Cassandra Rae Steele (born December 2, 1989) is a Canadian actress and singer known for portraying Manny Santos on Degrassi: The Next Generation and Abby Vargas on The L.A. Complex. In 2014, she played Sarah in the MTV horror television movie The Dorm. She also voices Tammy Gueterman and Tricia Lange in Adult Swim's Rick and Morty.

Early and personal life
Steele is of British descent on her father's side and Filipina descent on her mother's side. She began crafting her own songs to go with her poetry when she was in the first grade, she then began taking singing lessons. She attended London School of Dance in Scarborough, Ontario, and trained in ballet and jazz dance. She was also a gymnast for an unspecified amount of time.
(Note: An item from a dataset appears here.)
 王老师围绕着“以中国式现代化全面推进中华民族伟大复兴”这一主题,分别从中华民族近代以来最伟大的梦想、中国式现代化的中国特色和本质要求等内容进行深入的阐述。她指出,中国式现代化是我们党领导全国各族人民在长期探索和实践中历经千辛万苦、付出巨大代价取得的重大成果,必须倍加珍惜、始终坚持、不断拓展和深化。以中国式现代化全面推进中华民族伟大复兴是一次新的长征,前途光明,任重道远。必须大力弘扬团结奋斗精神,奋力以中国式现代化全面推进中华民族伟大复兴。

Steele married American actor Trent Garrett in 2018.

Career

2001-2010: Degrassi: The Next Generation and early work
In 2001, Steele first appeared in a Fib Finder commercial alongside Cristine Rotenberg. She later, that year, appeared on an episode of Relic Hunter as the ten-year-old version of Sydney Fox.
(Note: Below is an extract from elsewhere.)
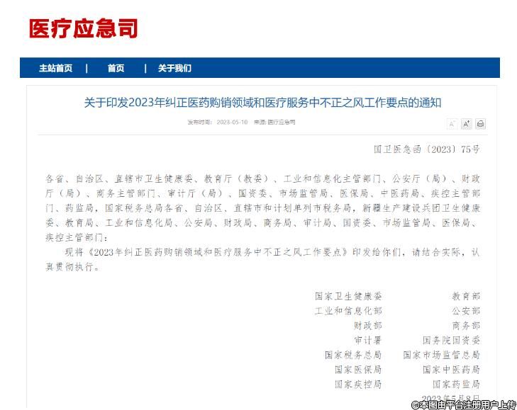近日,據(jù)國(guó)家衛(wèi)健委網(wǎng)站消息,國(guó)家衛(wèi)生健康委員會(huì)、教育部、工業(yè)和信息化部、公安部、財(cái)政部、商務(wù)部、審計(jì)署、國(guó)務(wù)院國(guó)有資產(chǎn)監(jiān)督管理委員會(huì)、國(guó)家稅務(wù)總局、國(guó)家市場(chǎng)監(jiān)督管理總局、國(guó)家醫(yī)療保障局、國(guó)家中醫(yī)藥管理局、國(guó)家疾病預(yù)防控制局、國(guó)家藥品監(jiān)督管理局等部委聯(lián)合印發(fā)了《2023年糾正醫(yī)藥購(gòu)銷領(lǐng)域和醫(yī)療服務(wù)中不正之風(fēng)工作要點(diǎn)》(以下簡(jiǎn)稱《工作要點(diǎn)》)。

Since she was eleven years old, Steele appeared as a regular cast member on Degrassi: The Next Generation playing the character of Manny Santos. She played the role for nine years, before exiting the show in 2010. She has also appeared in three Degrassi TV films: Degrassi Spring Break Movie, Degrassi Goes Hollywood and Degrassi Takes Manhattan.

During the filming of Degrassi, Steele also starred in the Disney film Full Court Miracle as well as the MTV movie Super Sweet 16: The Movie and My Babysitter's a Vampire and had recurring roles in The Best Years and Instant Star.

Steele has also embarked on a music career. Her debut album, How Much for Happy, was released in 2005, followed by two Canadian tours. Steele's follow-up album, Destructo Doll, was released on July 21, 2009. She appeared on Channel One News to promote the album for the music segment.

2011-present: The L.A. Complex and other projects
In 2011, Steele was cast as Abby Vargas in the series The L.A. Complex, which premiered on CTV and Much Music on January 10, 2012, and aired regularly on Much Music. On the same day as the premiere, the series was officially picked up by The CW to begin airing in the United States in the spring. It was renewed for a second season, which aired simultaneously on both Much Music and The CW that summer. The L.A. Complex was officially cancelled on December 20, 2012.

On April 17, 2012, Steele released the extended-play "Shifty" to iTunes. On April 1, 2014, her single "Mad" was released to iTunes. The official lyric video premiered on her VEVO page one day prior.

She starred as Valerie Vont in the Lifetime film Sorority Surrogate, which was released on March 22, 2014. She would appear as Sarah in the film The Dorm later that year.

On August 12, 2014, Steele released the album "Patterns" to iTunes. The official video for "Games" was released the same year on September 1, and it premiered on her VEVO page. Steele released the single "Power" shortly afterwards. It was released to iTunes on October 21, 2014.

Steele started the band "psychocandy" with Glint member Jase Blankfort in August 2019. Their single "Hunger" is available to stream on SoundCloud. On January 1, 2020, the band posted a photo on a new account on Instagram with the caption "2020."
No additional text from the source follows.